### WORK REQUIRED
The reply should hold every record, copied exactly, and none of the pictures.

* * * *

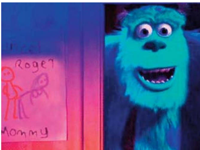
■ Figura 3. Monstruos S.A.

deza visual, ya que, a simple vista, puede pasar completamente desapercibido el cielo de estrellas que centra el plano de la secuencia mostrada sobre estas líneas. Tal y como aparecen ubicadas las estrellas, estas forman la palabra «SEX» (sexo). Aunque los productores de la película aseguraron que en lugar de «SEX», querían reflejar las siglas «SFX», como guiño al departamento responsable de los efectos especiales, en cualquier caso, es innegable que existía una clara intención de transmitir un mensaje oculto mediante la distribución o colocación de las estrellas que aparecen en la imagen. Figura 2
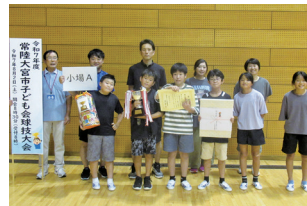
【第3位】村田小支部 小場A
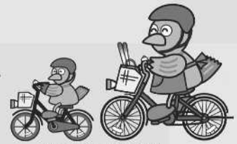
埼玉県マスコット「コバトン」

※道路交通法の改正により、全ての自転車利用者に対し、ヘルメット着用が努力義務化されました！
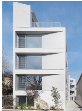
REMBRAN 赤堤 2024年2月

LOCATION 東京都世田谷区赤堤 SPECS RC造/4F FLOOR AREA 718㎡
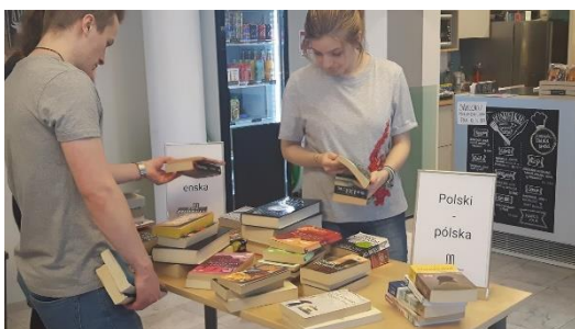
Flott framtak og skemmtileg stund á bókasafninu!
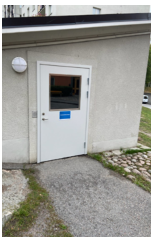
Miljöstuga Muskötstigen 1 - före
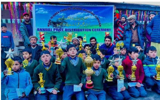
Schul-Zeremonie Dezember 2023
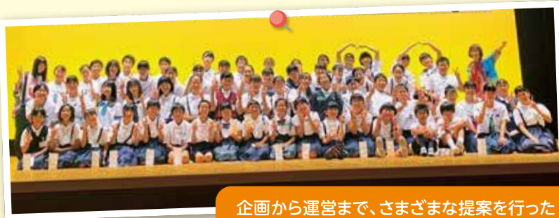
企画から運営まで、さまざまな提案を行った小・中学生実行委員のみなさん
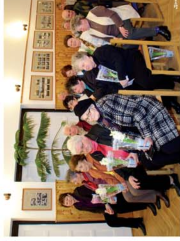
■ Közmeghallgatás Nagygyeresden 3. oldal

Kellemes húsvéti ünnepet kívánunk minden olvasónknak!
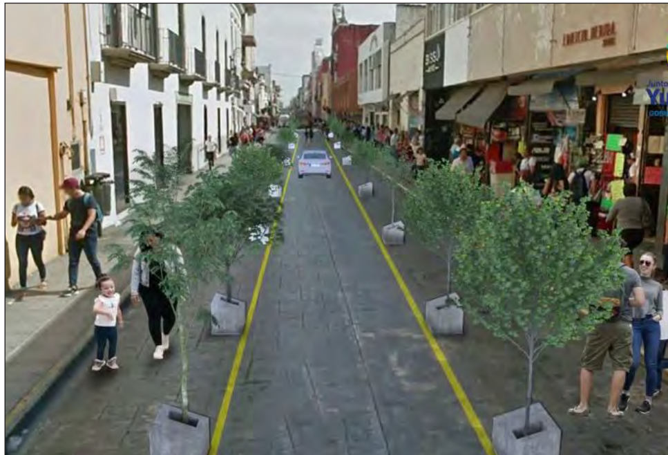
▲ Una de las modificaciones contempladas es la ampliación de espacios para el tránsito peatonal. Ilustración Gobierno del estado

“El cuidado de la salud de los yucatecos es algo que no se puede regatear y donde todos tenemos una cuota de participación, incluso algunas de ellas significan un poco de sacrificio, pero valen la pena, con tal de proteger la salud de todos”, externó.

* * * *

### RESPONSE TO THIS EXERCISE
■ Figura 3. Monstruos S.A.

deza visual, ya que, a simple vista, puede pasar completamente desapercibido el cielo de estrellas que centra el plano de la secuencia mostrada sobre estas líneas. Tal y como aparecen ubicadas las estrellas, estas forman la palabra «SEX» (sexo). Aunque los productores de la película aseguraron que en lugar de «SEX», querían reflejar las siglas «SFX», como guiño al departamento responsable de los efectos especiales, en cualquier caso, es innegable que existía una clara intención de transmitir un mensaje oculto mediante la distribución o colocación de las estrellas que aparecen en la imagen. Figura 2
【第3位】村田小支部 小場A
埼玉県マスコット「コバトン」

※道路交通法の改正により、全ての自転車利用者に対し、ヘルメット着用が努力義務化されました！
REMBRAN 赤堤 2024年2月

LOCATION 東京都世田谷区赤堤 SPECS RC造/4F FLOOR AREA 718㎡
Flott framtak og skemmtileg stund á bókasafninu!
Miljöstuga Muskötstigen 1 - före
Schul-Zeremonie Dezember 2023
企画から運営まで、さまざまな提案を行った小・中学生実行委員のみなさん
■ Közmeghallgatás Nagygyeresden 3. oldal

Kellemes húsvéti ünnepet kívánunk minden olvasónknak!
▲ Una de las modificaciones contempladas es la ampliación de espacios para el tránsito peatonal. Ilustración Gobierno del estado

“El cuidado de la salud de los yucatecos es algo que no se puede regatear y donde todos tenemos una cuota de participación, incluso algunas de ellas significan un poco de sacrificio, pero valen la pena, con tal de proteger la salud de todos”, externó.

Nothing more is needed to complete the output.